Facebook is such a huge social media platform that various hackers use it as a training ground or even as an initial step towards a more sophisticated targetted attack. In a recent report sent to us, a user received a message from a friend through Messenger. It appears to be harmless at first glance. It leverages in what we all Filipinos are prone to – returning a favor.
Drafted in Tagalog, the message reads “favor pls para lang sa points ko click m ung link tapos click m ung 500 tapos search m name ko tapos click gift. salamat”. Who would not fall for this one, right? The way the message was typed is very much the same how most of our friends (this one’s subjective though) send us a message nowadays. A lot of people would most likely click on the link that was sent along with the message.
But, here’s what makes this phishing technique even more effective.

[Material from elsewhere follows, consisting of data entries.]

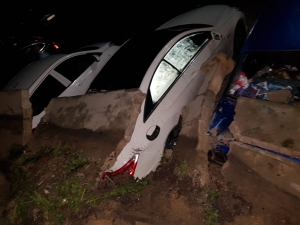 بالصور انهيار حائط دعم وتضرر عدد من السيارات طريق مغدوشة ،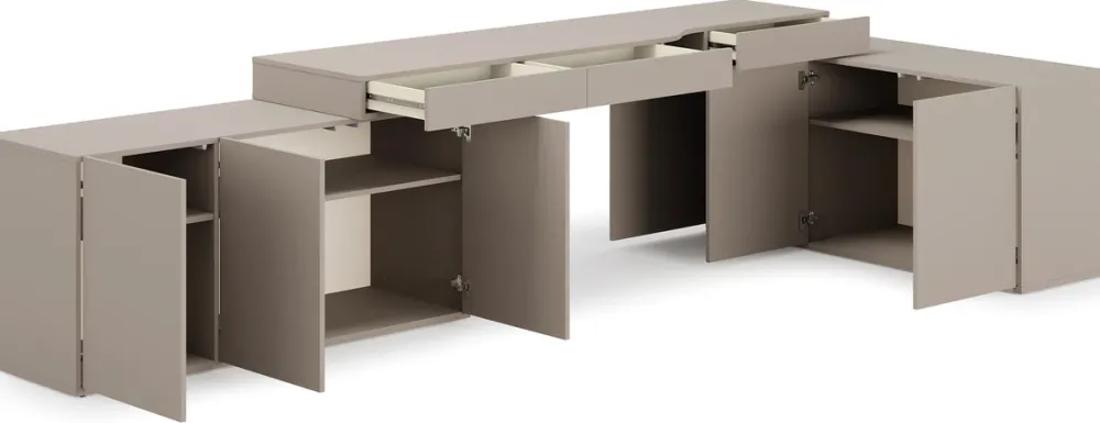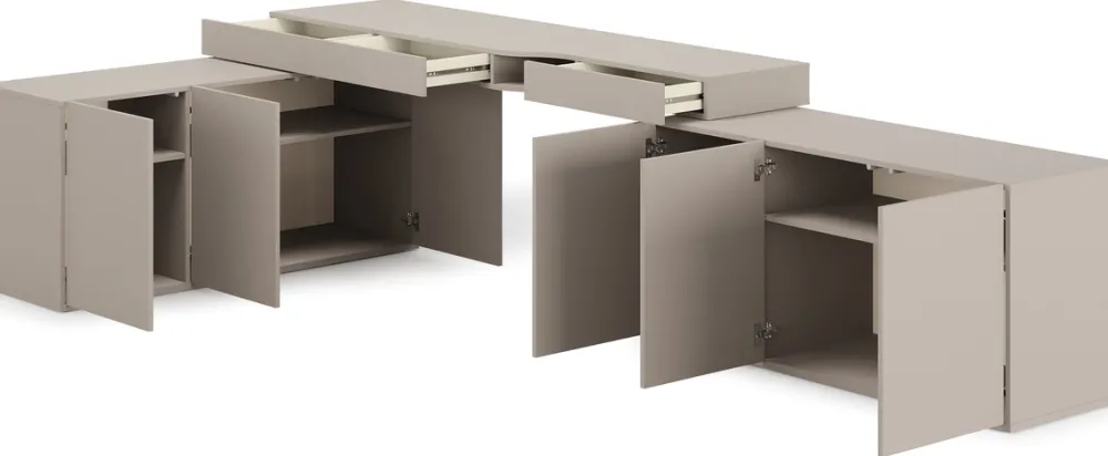 - Zestaw mebli młodzieżowych WOOW z biurkiem lewym i dwiema komodami w kolorach szampański i clay gray to funkcjonalne i stylowe rozwiązanie do pokoju nastolatka. Duży blat i pojemne szafki tworzą wygodną przestrzeń do nauki, przechowywania i rozwoju.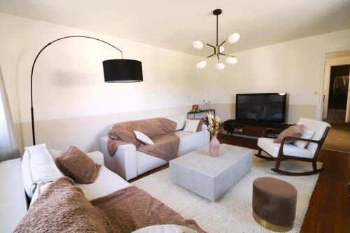 A recently renovated vacation home, Gite à la campagne 4 étoiles - 200m2 offers accommodations in Sailly. This property offers access to a terrace, free private parking, and free Wifi. Outdoor seating is also available at the vacation home. The air-conditioned vacation home consists of 5 bedrooms, 2 living rooms, a fully equipped kitchen with a dishwasher and a coffee machine, and 4 bathrooms with a walk-in shower and slippers. Towels and bed linen are available in the vacation home. There's also a seating area and a fireplace. Guests can relax in the garden at the property. Château fort de Bouillon is 19 miles from Gite à la campagne 4 étoiles - 200m2, while Ardennes Golf Course is 25 miles from the property.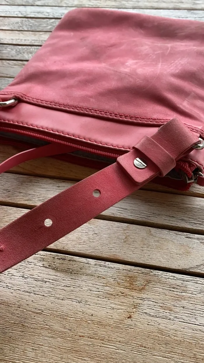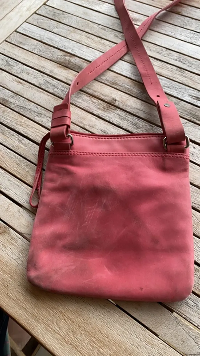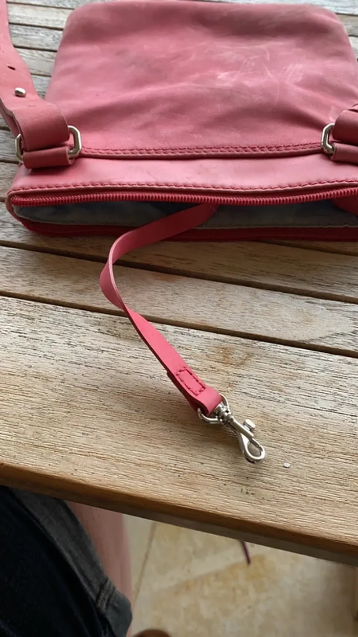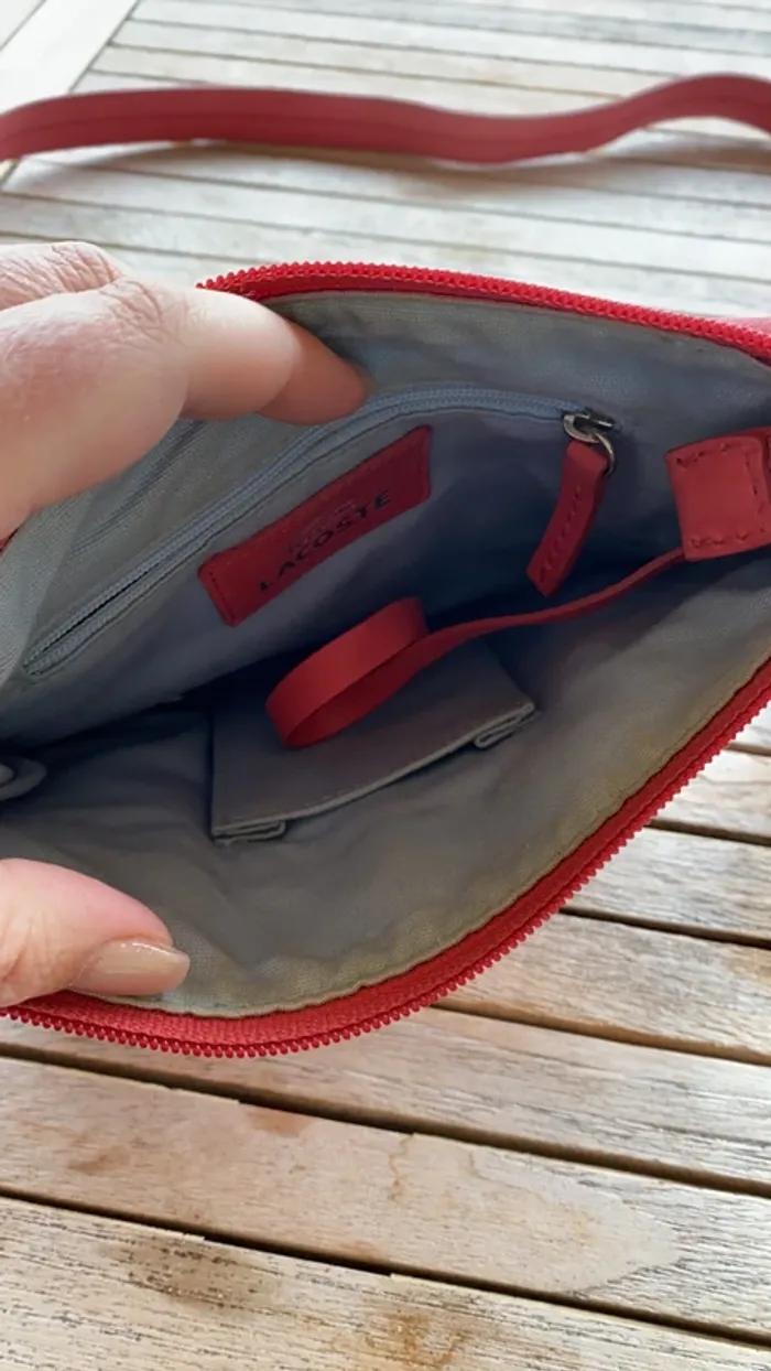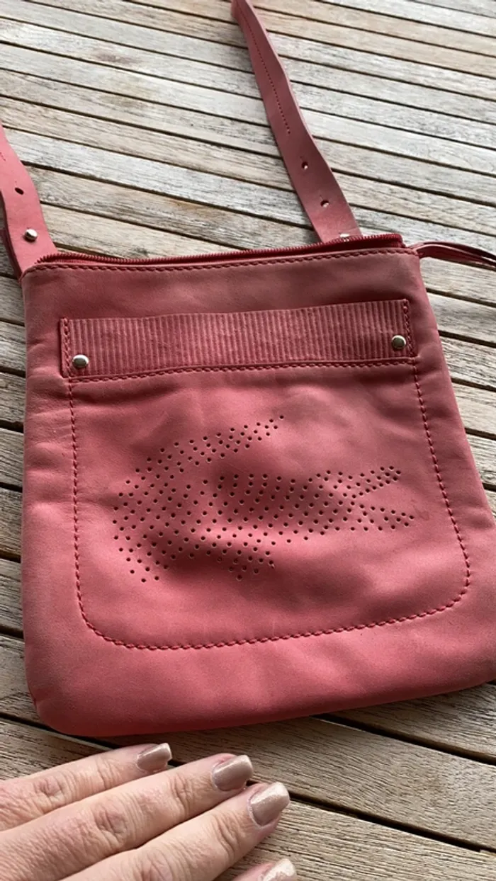 Sacoche Lacoste rose portée en bandoulière 21x20cm bandoulière réglable petit tache devant et sortes de griffures sur le verso (voir photos)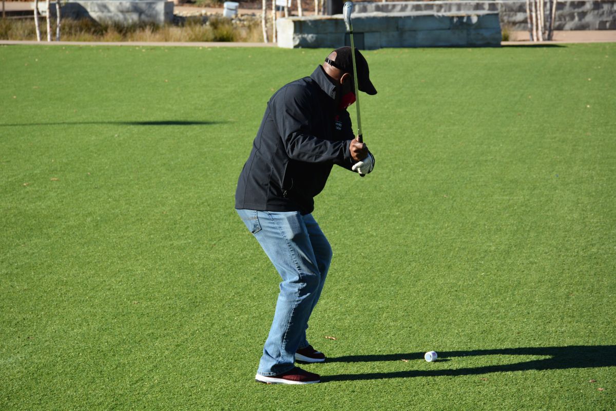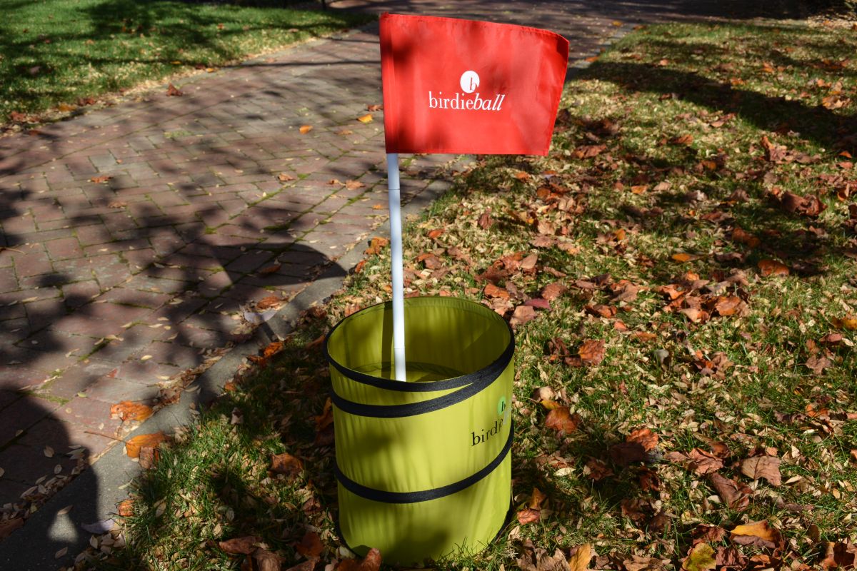 Players do swing a golf club but use what’s known as a Birdie Ball which flies at a slower speed, doesn’t go as far, and bounces harmlessly off objects. The holes were actually bucket looking containers that golfers had to try and get their Birdie Ball close to or into to score.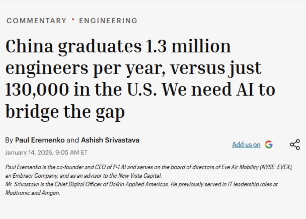 难道美国人要指望一群从未画过一颗螺丝钉、从未下过车间的年轻人,去指挥AI设计美国下一代的火箭发动机吗?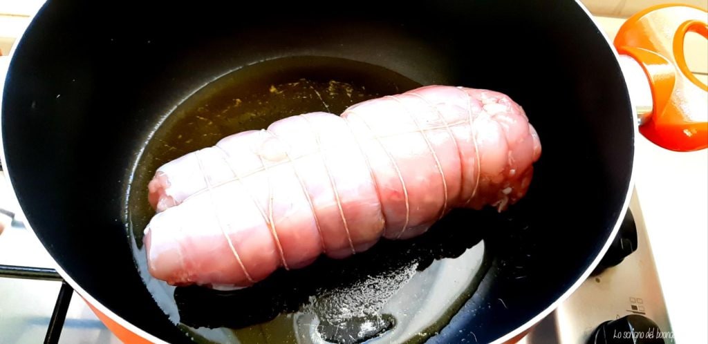 Als ons vlees is aangebraden, voegen we een snufje zout en peper toe, en vervolgens de witte wijn, daarna deksel erop en minstens anderhalf uur op middelhoog vuur laten koken terwijl je de gaarheid controleert.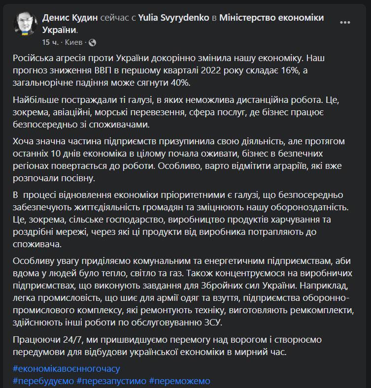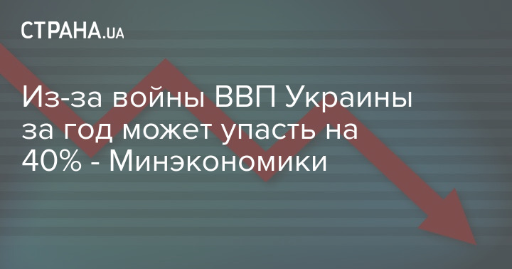 Первый заместитель министра экономики Украины Денис Кудин утверждает, что из-за войны ВВП в стране может упасть на 16% в первом квартале этого года. Падение в целом за год может достигнуть 40%.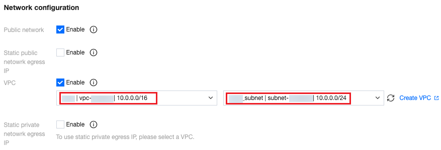 4. Enable VPC and select the VPC to be accessed and the subnet you want to use.
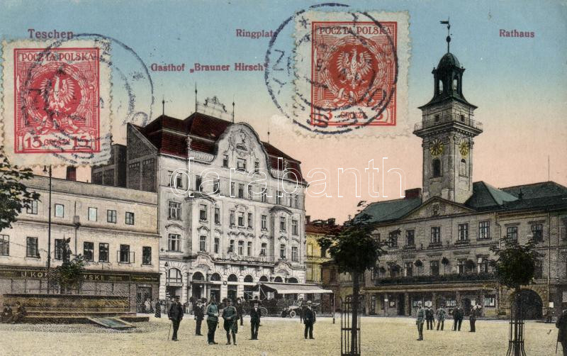 Cieszyn, Teschen; Ringplatz, Rathaus, Gasthof Brauner Hirsch / square,... https://www.darabanth.com/hu/211-Gyorsarveres/211.0/Kepeslapok/Lengyelorszag~800040/Cieszyn-Teschen-Ringplatz-Rathaus-Gasthof-Brauner-Hirsch-square-town-hall-hotel-automobiles~II874569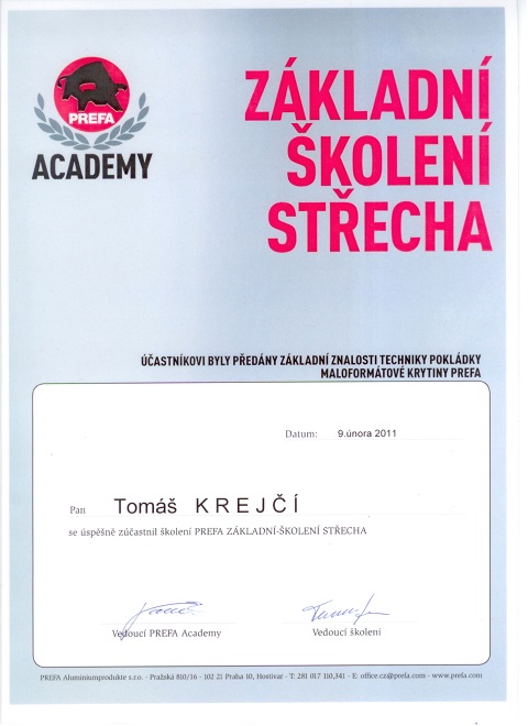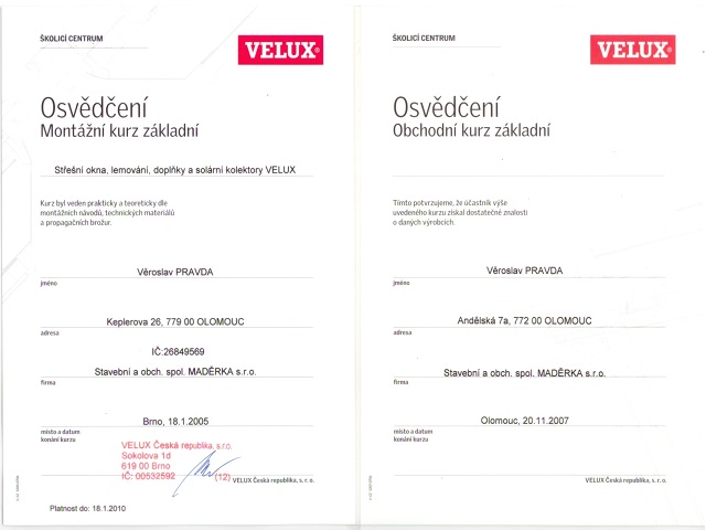 Prohlédněte si certifikáty a osvědčení pro montáže střešních krytin a oken. Nabízíme kvalitní klempířské a pokrývačské práce šikmých a plochých střech. Používáme stavební materiály předních dodavatelů. Zavolejte naši stavební firmu!
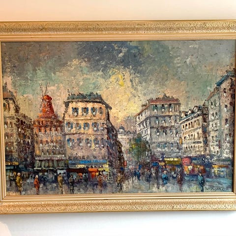 Flot olie maleri med Paris-motiv (Moulin Rouge) i moderne stil.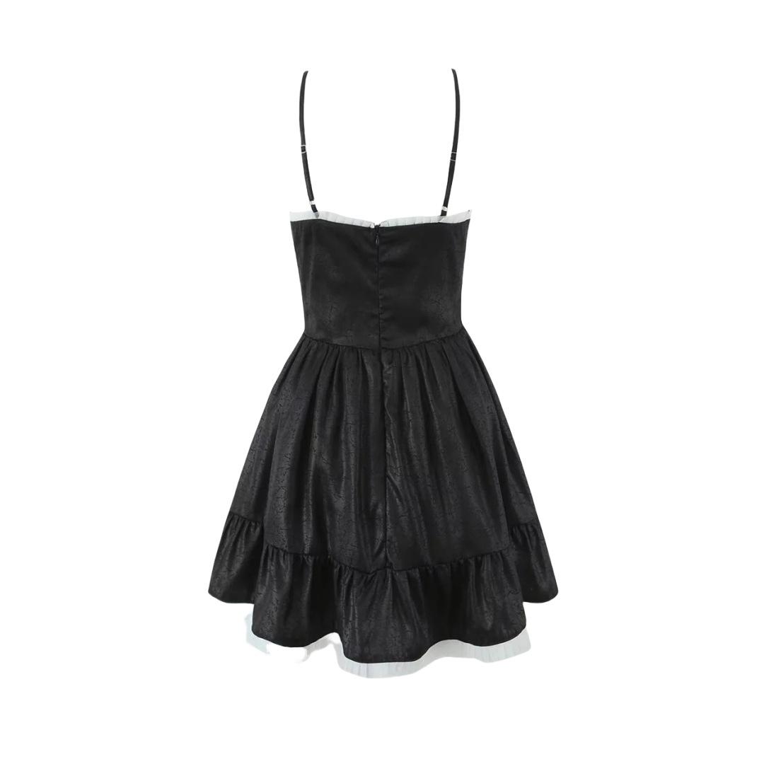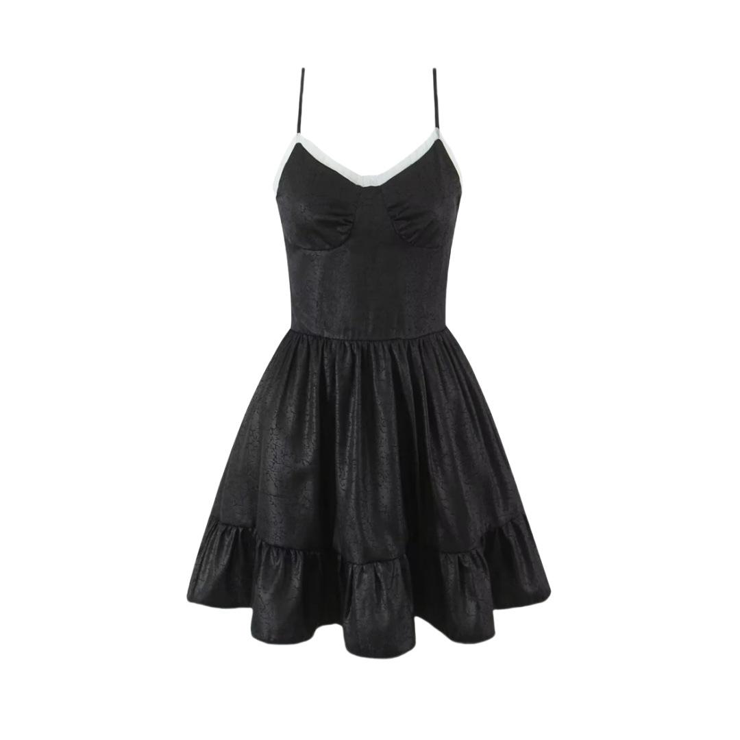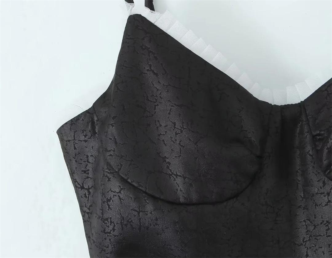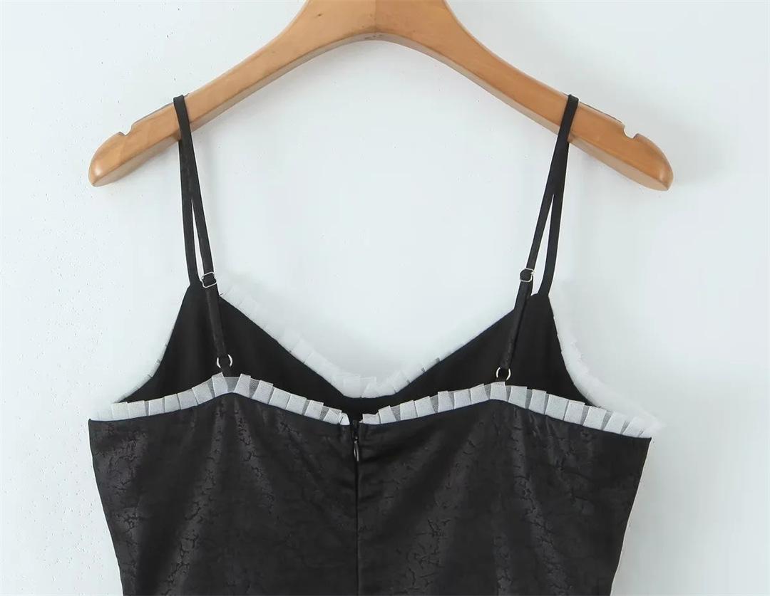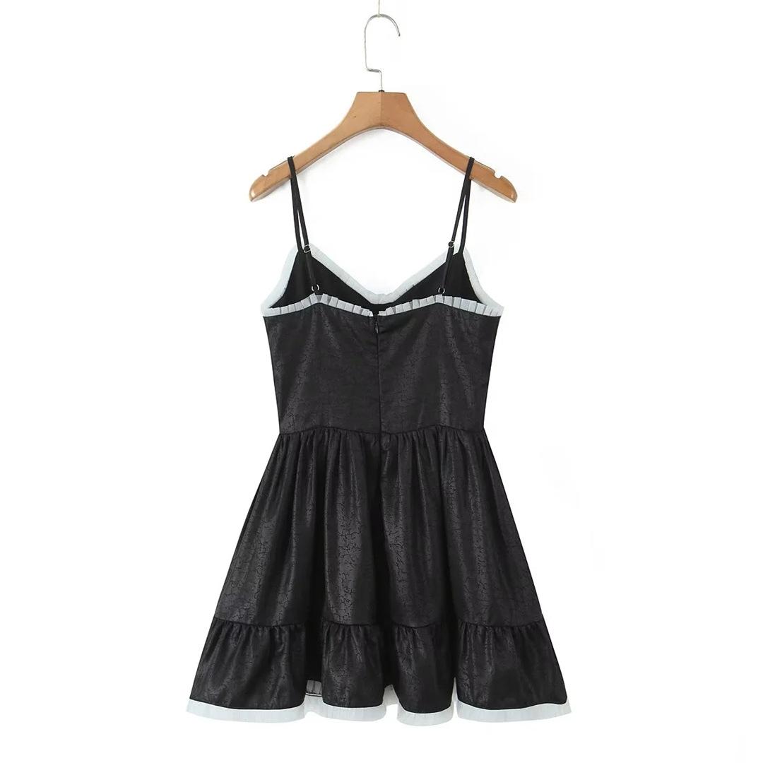 Vestido Francês Decote V Renda Contrastante Alças Finas, Feminino Cintura Justa Babados Saia Tutu Princesa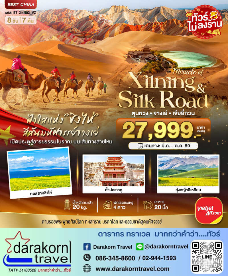| DAY8 | ซีหนิง – วัดถ่าเอ๋อร์ – ถนนคนเดินเซี่ยหนานกวน -ซีหนิง (สนามบินเฉาเจียเป่า) กรุงเทพฯ(สนามบินสุวรรณภูมิ) (VZ3691 : 23.40-02.45+1) |

The people behind this attack used a URL shortener service that hides the exact website where users will be redirected to. Web security filtering services would’ve categorized it as clean unless they use a multilayer crawler that checks all the underlying URLs.
The domain that was used could be any other hacked domains out there. These cybercriminals would only have to invest in hacking skills rather than buying domains for this purpose. Not only that this makes their jobs easy, it also keeps them off from leaving any traces.
Since most of the people nowadays use their mobile phones to access Facebook, there’s a high chance that the victim doesn’t have an active mobile antivirus installed. Clicking on that link would lead to a page that disguises itself as a gaming site of Pool Live Tour. Following the instructions in the initial message, the victim would click on the 500 image and this would further lead to a Facebook phishing page. Note that the user is accessing it through a mobile phone. S/he might just think that his/her account just logged out automatically. Knowing that this is a phishing page, entering your credentials would only mean handing your account to the culprits.
Friendship is probably the top reason why most of the victims of this phishing campaign fell for it. It was delivered like any other messages from our friends. And since it was a friend who sent it to us, and we’re so innocent and helpful, for that matter, we would probably give in and follow the instructions.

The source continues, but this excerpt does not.